──────── Exercise inputs
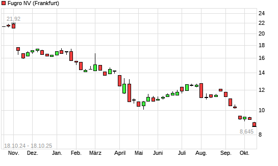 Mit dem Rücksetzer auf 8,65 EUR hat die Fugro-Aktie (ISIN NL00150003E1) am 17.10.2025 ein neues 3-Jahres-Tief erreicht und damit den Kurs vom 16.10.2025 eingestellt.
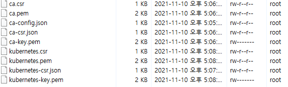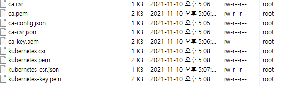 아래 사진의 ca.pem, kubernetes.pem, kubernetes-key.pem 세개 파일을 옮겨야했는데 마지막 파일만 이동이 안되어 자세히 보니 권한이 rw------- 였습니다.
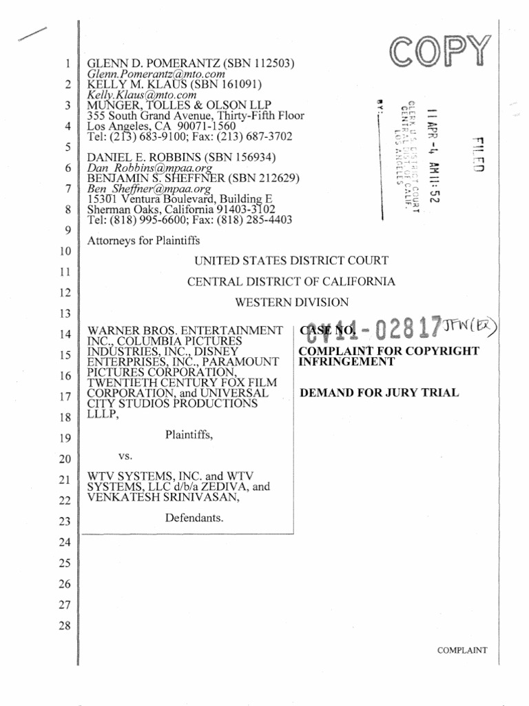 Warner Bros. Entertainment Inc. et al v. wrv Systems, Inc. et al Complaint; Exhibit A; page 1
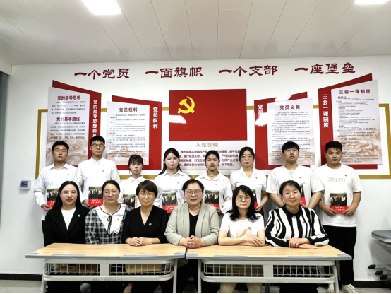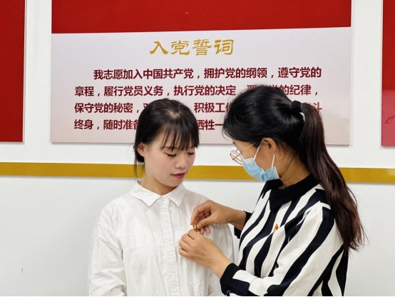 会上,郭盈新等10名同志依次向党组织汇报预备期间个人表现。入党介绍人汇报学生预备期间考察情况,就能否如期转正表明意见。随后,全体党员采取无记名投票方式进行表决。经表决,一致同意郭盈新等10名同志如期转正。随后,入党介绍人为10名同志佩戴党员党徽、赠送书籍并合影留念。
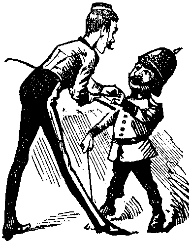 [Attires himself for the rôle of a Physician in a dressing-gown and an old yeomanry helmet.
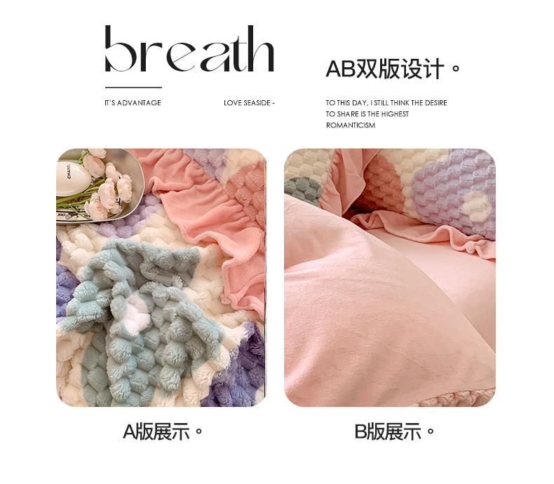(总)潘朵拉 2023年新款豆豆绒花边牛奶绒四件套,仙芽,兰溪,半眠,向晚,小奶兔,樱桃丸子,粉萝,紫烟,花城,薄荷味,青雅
────────────────
──────── Exercise inputs
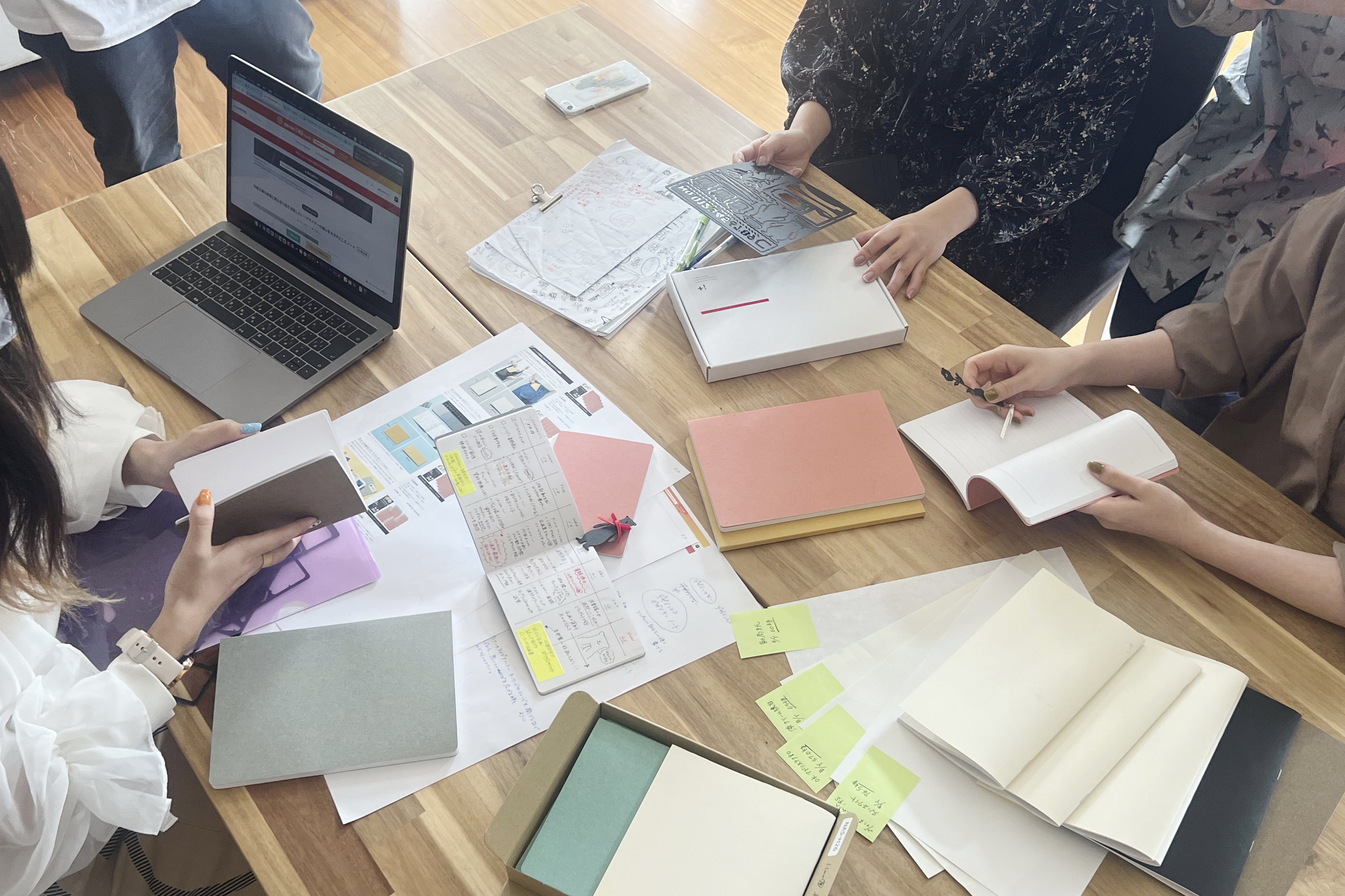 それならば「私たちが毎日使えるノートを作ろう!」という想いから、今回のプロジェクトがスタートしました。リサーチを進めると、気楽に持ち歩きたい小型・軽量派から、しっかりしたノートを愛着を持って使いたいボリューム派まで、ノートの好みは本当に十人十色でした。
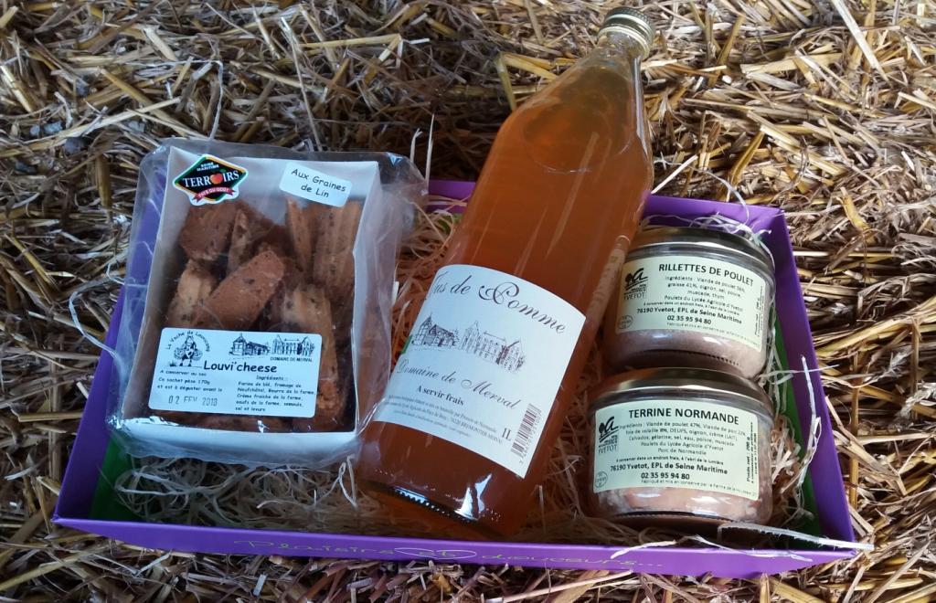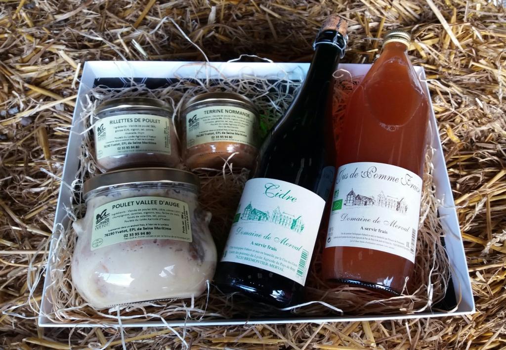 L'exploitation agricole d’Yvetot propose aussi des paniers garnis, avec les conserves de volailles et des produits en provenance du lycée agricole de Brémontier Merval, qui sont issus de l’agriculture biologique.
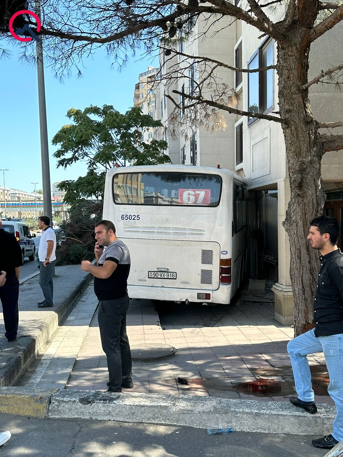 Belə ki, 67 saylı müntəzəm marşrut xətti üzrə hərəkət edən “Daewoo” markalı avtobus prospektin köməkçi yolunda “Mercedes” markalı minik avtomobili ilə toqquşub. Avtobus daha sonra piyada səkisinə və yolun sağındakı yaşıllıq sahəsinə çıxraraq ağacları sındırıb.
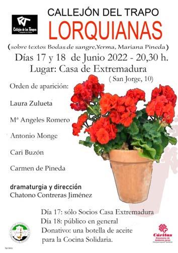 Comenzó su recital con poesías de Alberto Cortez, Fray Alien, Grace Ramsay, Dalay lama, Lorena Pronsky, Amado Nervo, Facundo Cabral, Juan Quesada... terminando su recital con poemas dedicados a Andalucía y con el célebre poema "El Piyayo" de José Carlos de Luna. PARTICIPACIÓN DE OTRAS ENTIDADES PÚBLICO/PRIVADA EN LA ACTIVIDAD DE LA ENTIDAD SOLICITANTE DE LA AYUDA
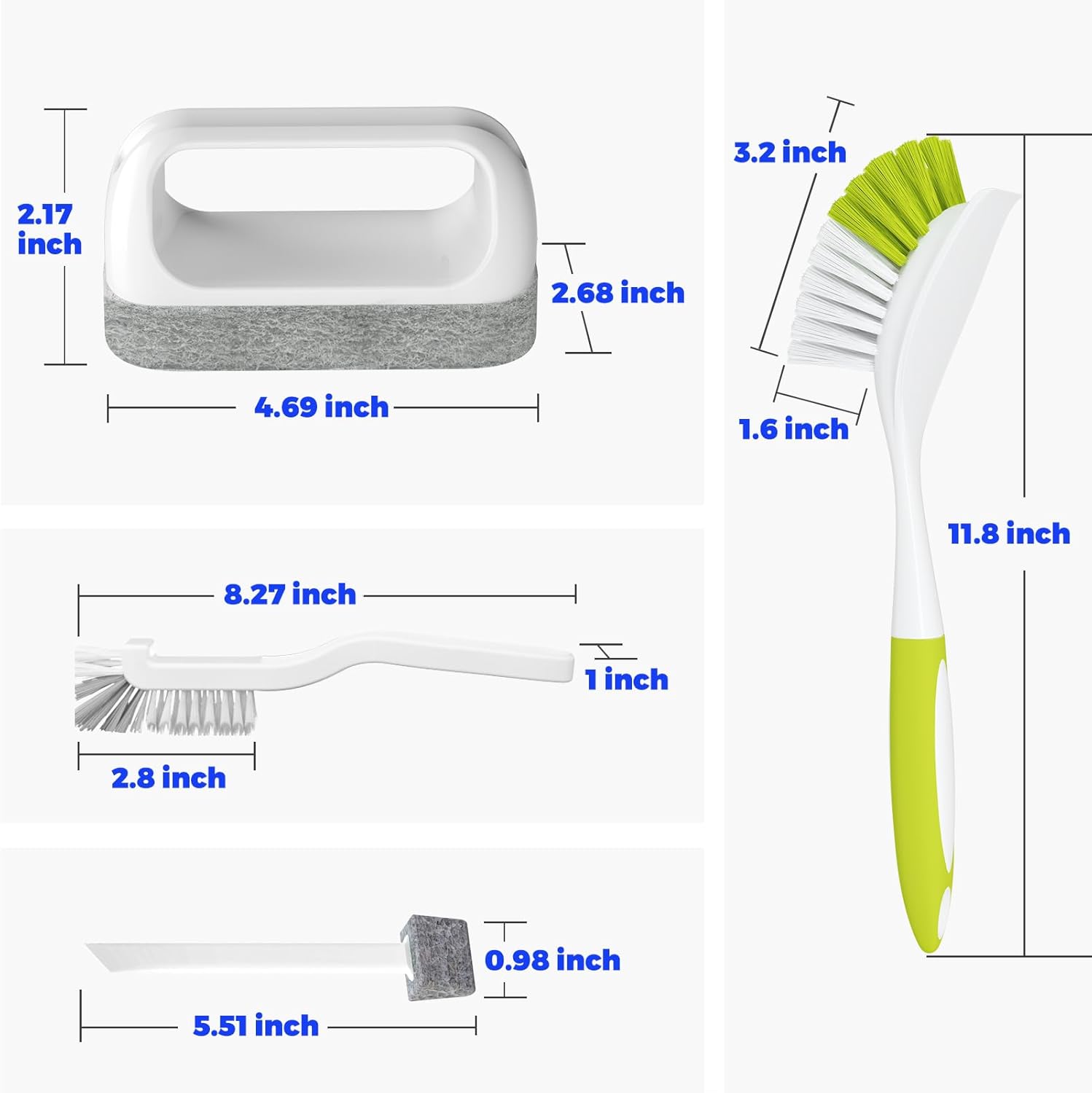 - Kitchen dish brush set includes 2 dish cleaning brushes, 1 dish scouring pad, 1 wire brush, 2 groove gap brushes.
────────────────
Exercise goal
Among the entries above, copy exactly the stretch from the line holding "Mit dem Rücksetzer" through the line holding "(总)潘朵拉 2023年新款", leaving out any pictures.

Answer below
 Mit dem Rücksetzer auf 8,65 EUR hat die Fugro-Aktie (ISIN NL00150003E1) am 17.10.2025 ein neues 3-Jahres-Tief erreicht und damit den Kurs vom 16.10.2025 eingestellt.
 아래 사진의 ca.pem, kubernetes.pem, kubernetes-key.pem 세개 파일을 옮겨야했는데 마지막 파일만 이동이 안되어 자세히 보니 권한이 rw------- 였습니다.
 Warner Bros. Entertainment Inc. et al v. wrv Systems, Inc. et al Complaint; Exhibit A; page 1
 会上,郭盈新等10名同志依次向党组织汇报预备期间个人表现。入党介绍人汇报学生预备期间考察情况,就能否如期转正表明意见。随后,全体党员采取无记名投票方式进行表决。经表决,一致同意郭盈新等10名同志如期转正。随后,入党介绍人为10名同志佩戴党员党徽、赠送书籍并合影留念。
 [Attires himself for the rôle of a Physician in a dressing-gown and an old yeomanry helmet.
(总)潘朵拉 2023年新款豆豆绒花边牛奶绒四件套,仙芽,兰溪,半眠,向晚,小奶兔,樱桃丸子,粉萝,紫烟,花城,薄荷味,青雅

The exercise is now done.